Releases: t41372/Open-LLM-VTuber
v0.5.2
v0.5.2 patch
The default ASR provider was changed back to FunASR
. It was mistakenly set to faster-whisper
a while ago without notice, and it caused a lot of problems for people who use Nvidia GPU without the cudnn. This change was not intended and has now been reversed.
Full Changelog: v0.5.1...v0.5.2
v0.5.1
What's New
If you wonder where the v0.5.0
goes, it's gone forever.
(But if you are lucky enough to get v0.5.0
, it's not a big deal. The difference between v0.5.0
and v0.5.1
is a new CORS fix, which is sort of irrelevant to you.)
Enhancements
-
🎉 llama.cpp Integration: You can now run GGUF model files (LLM models) directly within the project, eliminating the need for external services like Ollama, LM Studio, or other APIs.
-
🎉 Sherpa-ONNX Support for ASR and TTS: Added support for Sherpa-ONNX, enabling better speech recognition and text-to-speech experience. Contributed by @Neil2893 in #50.
- Sherpa-ONNX allows us to run models like SenseVoiceSmall, MeloTTS, and PiperTTS as easy as hell. With more testing and scripting to automate the model downloading process, Sherpa-ONNX with SenseVoiceSmall and MeloTTS or PiperTTS will likely be the new default ASR and TTS model for this project, as these models deliver great performance with fast inference even on CPU. The current SenseVoiceSmall implementation with FunASR is bulky and buggy, the MeloTTS is as difficult to install as possible, and PiperTTS is a dead project with hundreds of unfixed bugs, which includes one that stops me from integrating it into this project. Those issues are addressed with sherpa-onnx. Thanks a lot for the work done by @Neil2893 🎉 🎉 🎉 .
-
🎉 VAD Tuning Options: Introduced
negativeSpeechThreshold
andredemptionFrames
parameters, giving users more control over VAD (Voice Activity Detection) settings to enhance their AI interaction experience. Contributed by @Neil2893 in #53.
Bug fix
- 🐛 CORS policy issue: If users attempt to host the web part of this project separately, it will throw you a CORS policy error, and the Live2D model will not load. This issue is fixed (although the browser may be keeping a cache for the CORS stuff that prevents you from seeing this change).
New Contributor
- Welcome [@Neil2893](https://github.com/Neil2893), who made their first contribution in [#50](#50)!

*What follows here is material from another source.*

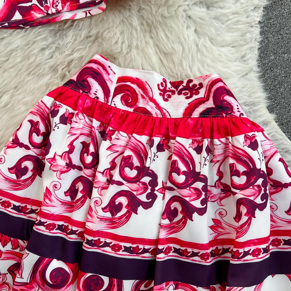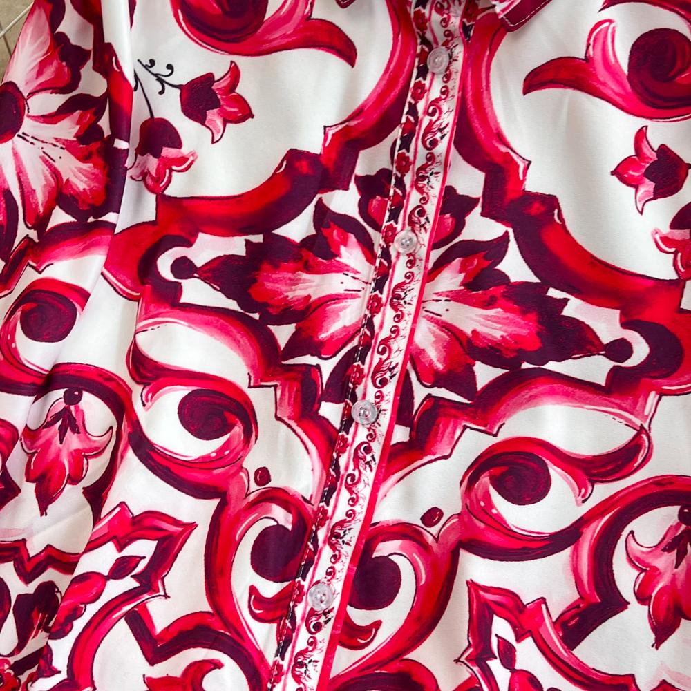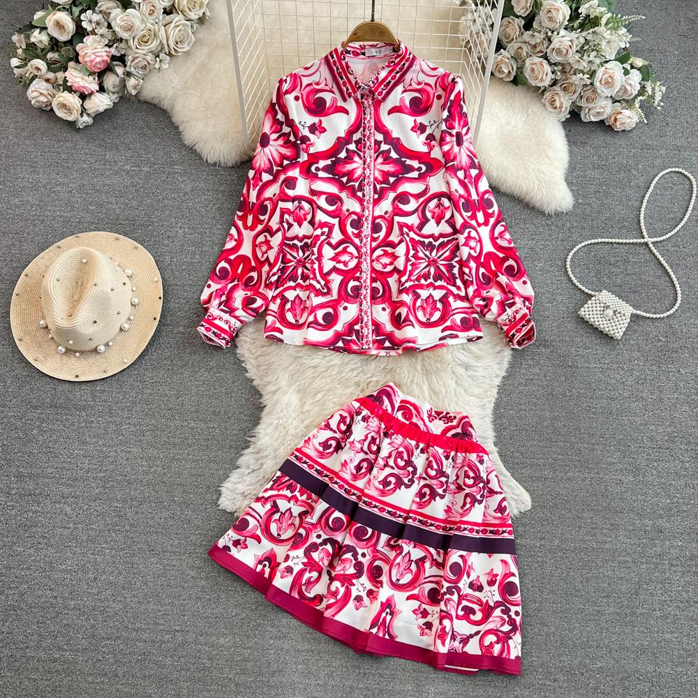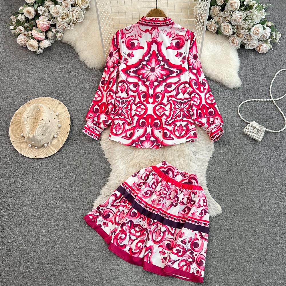 Fleepmart Runway Red Blue And White Porcelain Print Long Sleeve Bouses And Skirt Suit High Waist Red Flower Print Party Holiday Set
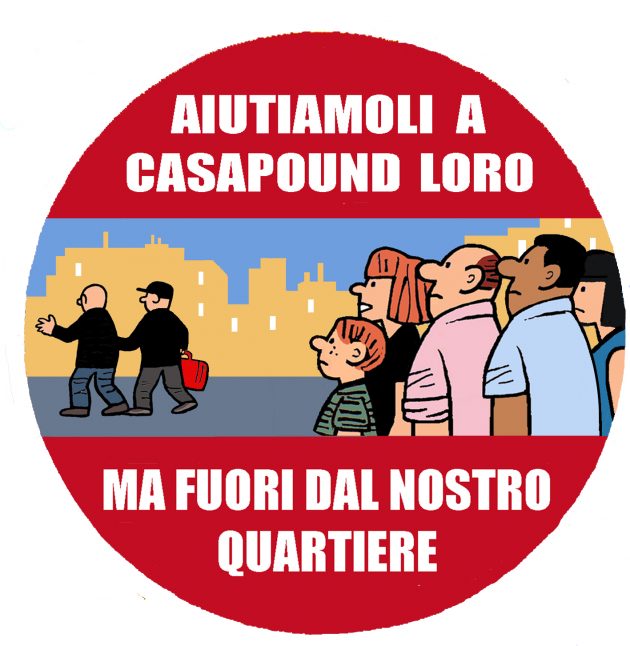 Lunedì 16 luglio una fiaccolata attraverserà il quartiere per ribadire un “No” collettivo al neofascismo e la campagna ha coinvolto anche una firma nazionale della satira: Danilo Maramotti, l’ex-vignettista dell’Unità, di Linus e del Corriere Economia [sopra le sue vignette]. Mentre “Marionecomix”, il vignettista ultragrillino, partecipava alla presentazione in Parlamento di un libro ‘sovranista’, accanto a Simone di Di Stefano, vicepresidente di CasaPound e a Luca Marsella (il candidato che a Ostia apparve in una foto con gli Spada), Danilo Maramotti volantinava per le strade di Villapiana dando all’ ‘intellighenzia’ savonese una grande lezione di umiltà e di militanza democratica.

Full Changelog: [v0.4.4...v0.5.1](v0.4.4...v0.5.1)
Regarding the next version
I will start refactoring this project, which includes breaking changes, as I wanted to change the architecture, clean up some tech debts, and prepare this project for more features. The next version, well, if everything goes well, will be v1.0.0
. I'm also working with some folks to rewrite the front end with React, and an awesome guy is working on making the installation process super easy.

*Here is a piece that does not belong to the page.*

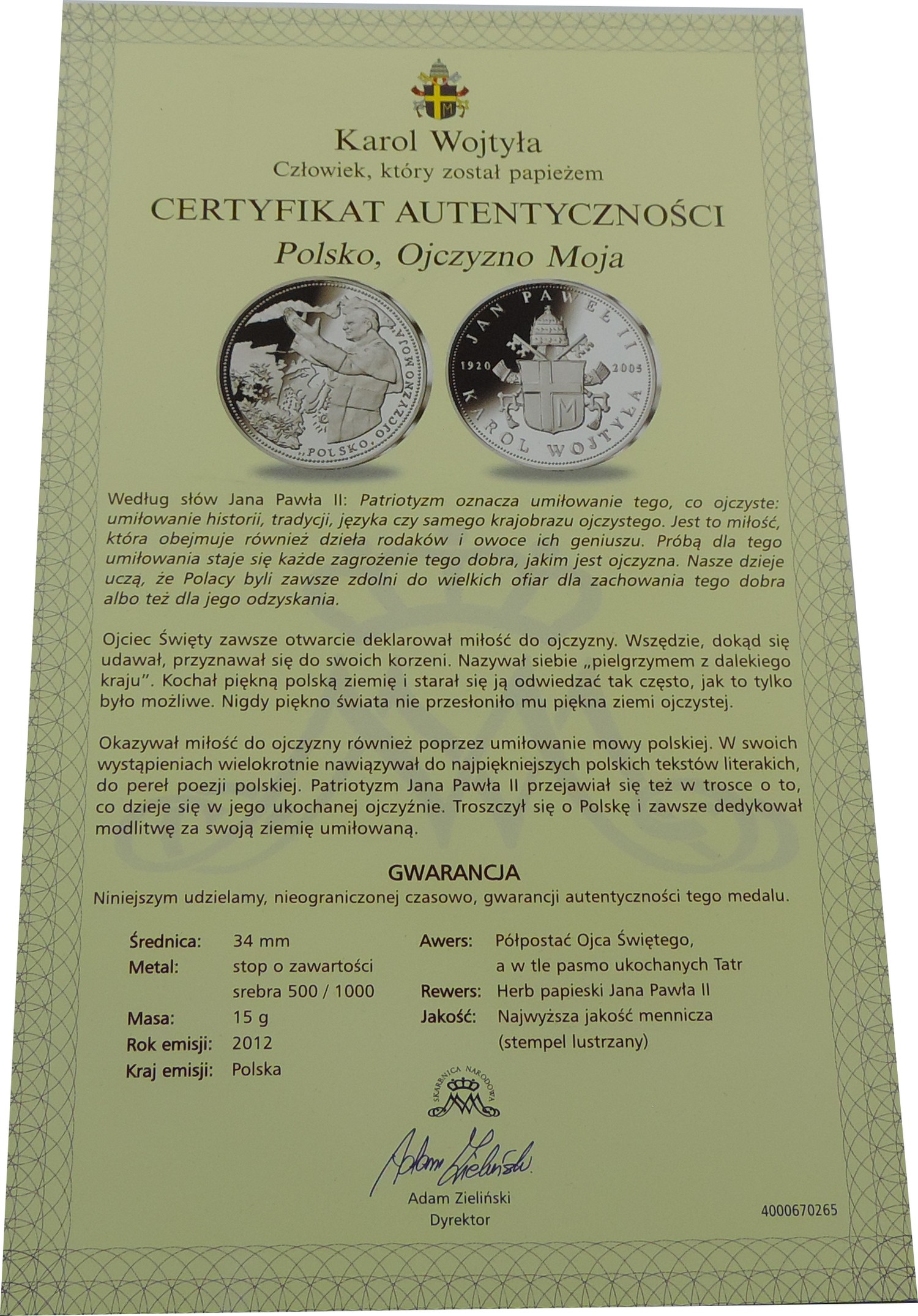 Оплачивая «МЕДАЛЬ - МОНЕТА - НУМИЗМАТ - ИОАНН ПАВЕЛ II - Ag500 - СЕРЕБРО -OY8190», вы можете быть уверены, что данное изделие из каталога «Тематические» будет доставлено из Польши и проверено на целостность. В цене товара, указанной на сайте, учтена доставка из Польши. Внимание!!! Товары для Евросоюза, согласно законодательству стран Евросоюза, могут отличаться упаковкой или наполнением.

I barely knew Python when I started this project (I started writing this project pretending it was JavaScript and did not even bother with OOP initially). Most of my knowledge about Python and best practices came from doing this project, and there were wrong decisions. I refactored many ugly parts in the past few months, but some of the changes I want involve breaking change. I think it's a good idea to put the breaking changes I can think of and do them in one go, and this is what I will be doing.

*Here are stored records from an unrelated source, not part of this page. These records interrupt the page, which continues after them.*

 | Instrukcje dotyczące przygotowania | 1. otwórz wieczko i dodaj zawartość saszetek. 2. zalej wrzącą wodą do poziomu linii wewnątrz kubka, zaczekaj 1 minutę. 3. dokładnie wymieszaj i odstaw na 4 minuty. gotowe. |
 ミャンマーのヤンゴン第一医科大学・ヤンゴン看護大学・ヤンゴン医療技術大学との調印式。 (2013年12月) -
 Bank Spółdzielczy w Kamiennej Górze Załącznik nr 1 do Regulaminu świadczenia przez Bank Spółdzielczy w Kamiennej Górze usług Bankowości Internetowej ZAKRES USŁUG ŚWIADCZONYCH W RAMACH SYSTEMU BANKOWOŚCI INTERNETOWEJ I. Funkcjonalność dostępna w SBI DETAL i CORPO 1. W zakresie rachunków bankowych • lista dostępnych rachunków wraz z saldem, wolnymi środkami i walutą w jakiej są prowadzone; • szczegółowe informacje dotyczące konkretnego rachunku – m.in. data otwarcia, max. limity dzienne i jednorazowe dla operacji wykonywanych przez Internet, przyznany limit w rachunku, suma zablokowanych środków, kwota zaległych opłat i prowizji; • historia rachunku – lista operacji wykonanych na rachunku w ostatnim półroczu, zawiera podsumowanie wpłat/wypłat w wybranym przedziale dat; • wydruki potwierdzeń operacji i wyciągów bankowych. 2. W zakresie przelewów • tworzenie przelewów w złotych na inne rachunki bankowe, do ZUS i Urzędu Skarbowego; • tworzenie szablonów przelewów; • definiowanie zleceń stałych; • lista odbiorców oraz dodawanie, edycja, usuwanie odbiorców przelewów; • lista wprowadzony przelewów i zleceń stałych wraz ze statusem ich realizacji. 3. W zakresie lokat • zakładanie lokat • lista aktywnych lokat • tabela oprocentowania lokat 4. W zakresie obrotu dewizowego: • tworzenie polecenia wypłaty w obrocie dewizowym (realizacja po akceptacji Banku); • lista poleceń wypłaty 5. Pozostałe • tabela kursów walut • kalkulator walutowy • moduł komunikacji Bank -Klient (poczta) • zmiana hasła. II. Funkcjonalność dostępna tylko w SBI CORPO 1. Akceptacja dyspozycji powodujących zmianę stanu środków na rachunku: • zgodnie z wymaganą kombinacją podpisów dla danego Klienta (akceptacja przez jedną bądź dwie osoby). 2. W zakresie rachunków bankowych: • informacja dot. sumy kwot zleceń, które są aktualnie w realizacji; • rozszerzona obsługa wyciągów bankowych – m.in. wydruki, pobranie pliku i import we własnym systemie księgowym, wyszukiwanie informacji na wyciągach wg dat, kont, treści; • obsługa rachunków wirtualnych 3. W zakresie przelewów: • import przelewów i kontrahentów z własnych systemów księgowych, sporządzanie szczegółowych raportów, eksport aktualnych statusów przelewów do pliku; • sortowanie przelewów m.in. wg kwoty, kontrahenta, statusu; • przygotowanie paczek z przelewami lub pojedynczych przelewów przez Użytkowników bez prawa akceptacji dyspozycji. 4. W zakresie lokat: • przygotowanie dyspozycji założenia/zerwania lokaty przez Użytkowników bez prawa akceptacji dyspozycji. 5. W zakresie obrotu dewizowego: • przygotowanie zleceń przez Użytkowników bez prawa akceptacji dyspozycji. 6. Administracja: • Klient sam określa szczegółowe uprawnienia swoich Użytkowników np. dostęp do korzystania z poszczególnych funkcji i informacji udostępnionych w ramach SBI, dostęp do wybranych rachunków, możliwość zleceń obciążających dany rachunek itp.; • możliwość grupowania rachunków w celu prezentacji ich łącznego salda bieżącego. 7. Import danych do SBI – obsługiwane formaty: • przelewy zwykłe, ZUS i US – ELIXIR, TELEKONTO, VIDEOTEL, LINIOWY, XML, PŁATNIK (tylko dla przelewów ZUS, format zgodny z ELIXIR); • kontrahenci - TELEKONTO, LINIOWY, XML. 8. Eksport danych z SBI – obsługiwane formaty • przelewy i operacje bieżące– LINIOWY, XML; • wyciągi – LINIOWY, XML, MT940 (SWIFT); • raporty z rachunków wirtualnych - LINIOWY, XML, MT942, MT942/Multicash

The biggest change planned that will influence the users (you) is that I will be removing the CLI mode in v1.0.0
. I can't see a reason for anyone to run this project in CLI mode without the Live2D body after I added the text input feature in v0.4.0
. If you worry about the GPU usage, just run the webpage in the background, and it won't render the Live2D body when it's not on the screen. In addition, the code will be much cleaner without the CLI mode. Let me know if you are super upset about the removal of the CLI mode.
Regarding v1.0.0
, you can check my to-do list and progress on GitHub Project. If you have any suggestions, please let me know. I'm not a super-experienced developer and might do things wrong or make the wrong decisions. Let me know about those things before I finish with the first big-breaking change in this project (or second, but I had very few users at that time to make a long announcement about it).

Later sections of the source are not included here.